Your goal: Transcribe the entries exactly; images are not part of the copy.

Records from a collection:
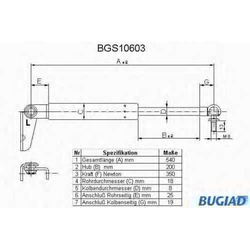 BGS10603 BUGIAD Газовая пружина, крышка багажник
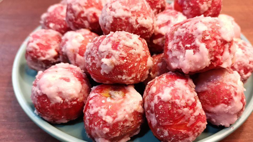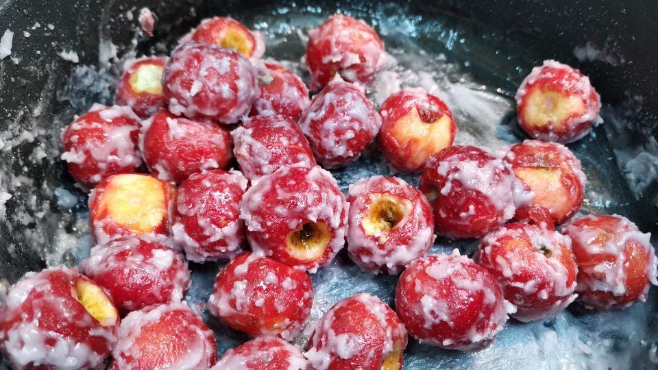 第四步:冷却20秒以后,迅速倒入山楂,快速翻动,动作要快,但是不能太猛,不然山楂容易戳破。刚开始会是黏黏的状态,继续翻拌,很快表面的糖开始发白发硬凝固成白色。彻底放凉,我们的山楂糖雪球就做好啦!
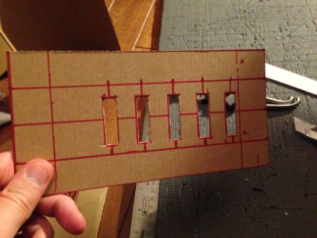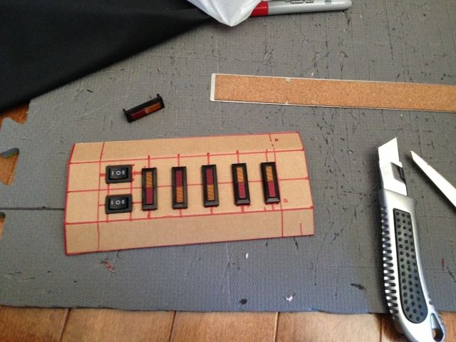 The base of the bracer is cardboard - this might have actually been the hardest part - measuring precisely where the indicators would sit and cutting out nice uniform holes.  I went through several arrangements before settling on one that would space properly on the panel I had available.  I actually dissembled the indicators to use only the translucent coloured windows - I'm not smart enough to know how to power and program the individual lights that were inside them, so they went in the trash.   Smiley
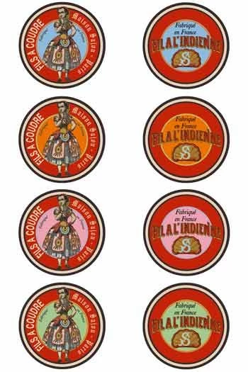 Réédition de quatre petites bobines en bois. Elles sont étiquetées Fil À l’Indienne.
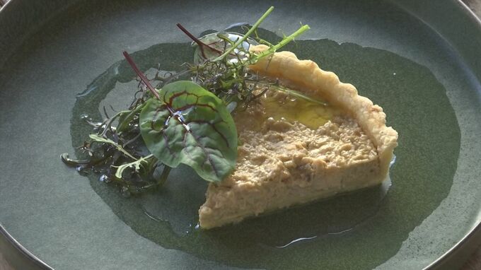 仕上げにオリーブオイルをかけて「鳥取ウニムースとエビのキッシュ」の出来上がりです。
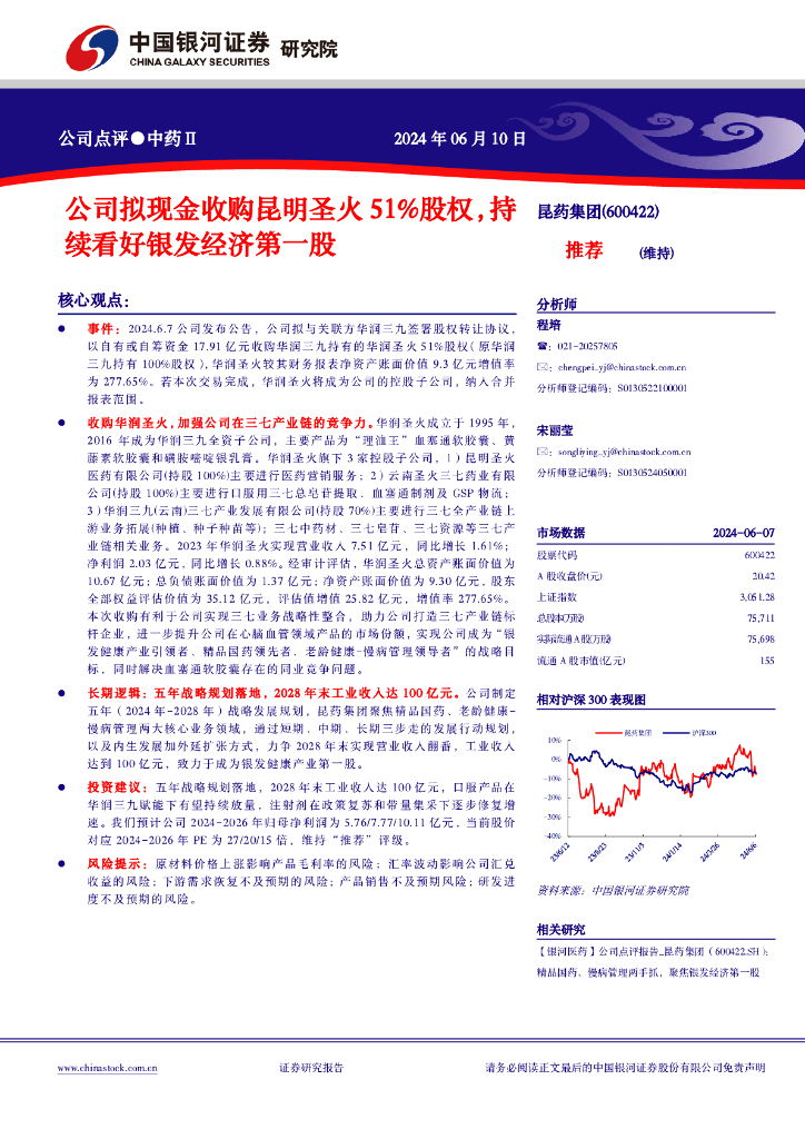 中国银河:昆药集团(600422)-公司拟现金收购昆明圣火51%股权,持续看好银发经济第一股.pdf
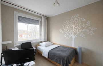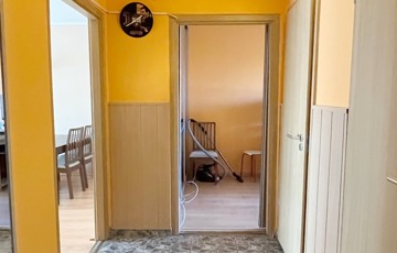 A 3 szoba külön nyílik, a nappali kellemesen világos, a reggeli-keleti napfény szépen bevilágítja a teret. A 2 hálószobában pedig beépített szekrények találhatók. Az nappali mellett található szoba helytakarékosság szempontjából tolóajtóval rendelkezik.
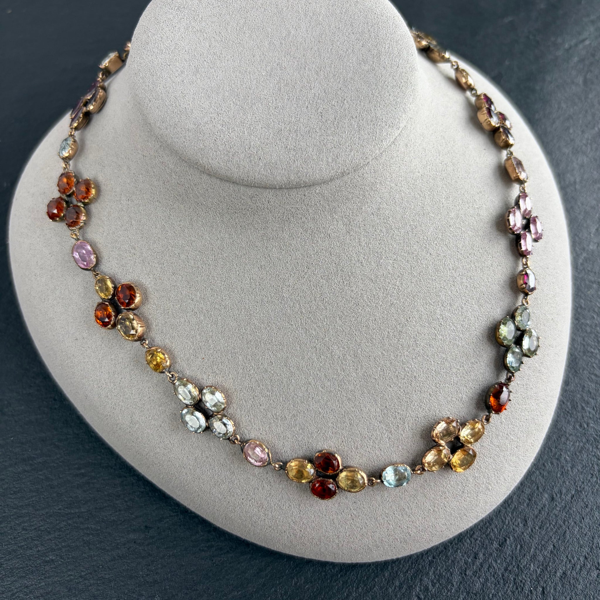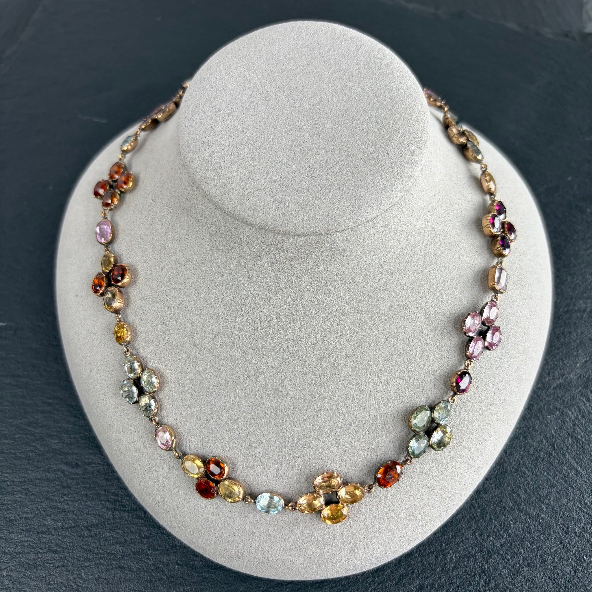 Late Georgian/Early Victorian era rivière necklace featuring faceted gemstones in foiled/closed back 9-12k gold.

Task answer:
 BGS10603 BUGIAD Газовая пружина, крышка багажник
 第四步:冷却20秒以后,迅速倒入山楂,快速翻动,动作要快,但是不能太猛,不然山楂容易戳破。刚开始会是黏黏的状态,继续翻拌,很快表面的糖开始发白发硬凝固成白色。彻底放凉,我们的山楂糖雪球就做好啦!
 The base of the bracer is cardboard - this might have actually been the hardest part - measuring precisely where the indicators would sit and cutting out nice uniform holes.  I went through several arrangements before settling on one that would space properly on the panel I had available.  I actually dissembled the indicators to use only the translucent coloured windows - I'm not smart enough to know how to power and program the individual lights that were inside them, so they went in the trash.   Smiley
 Réédition de quatre petites bobines en bois. Elles sont étiquetées Fil À l’Indienne.
 仕上げにオリーブオイルをかけて「鳥取ウニムースとエビのキッシュ」の出来上がりです。
 中国银河:昆药集团(600422)-公司拟现金收购昆明圣火51%股权,持续看好银发经济第一股.pdf
 A 3 szoba külön nyílik, a nappali kellemesen világos, a reggeli-keleti napfény szépen bevilágítja a teret. A 2 hálószobában pedig beépített szekrények találhatók. Az nappali mellett található szoba helytakarékosság szempontjából tolóajtóval rendelkezik.
 Late Georgian/Early Victorian era rivière necklace featuring faceted gemstones in foiled/closed back 9-12k gold.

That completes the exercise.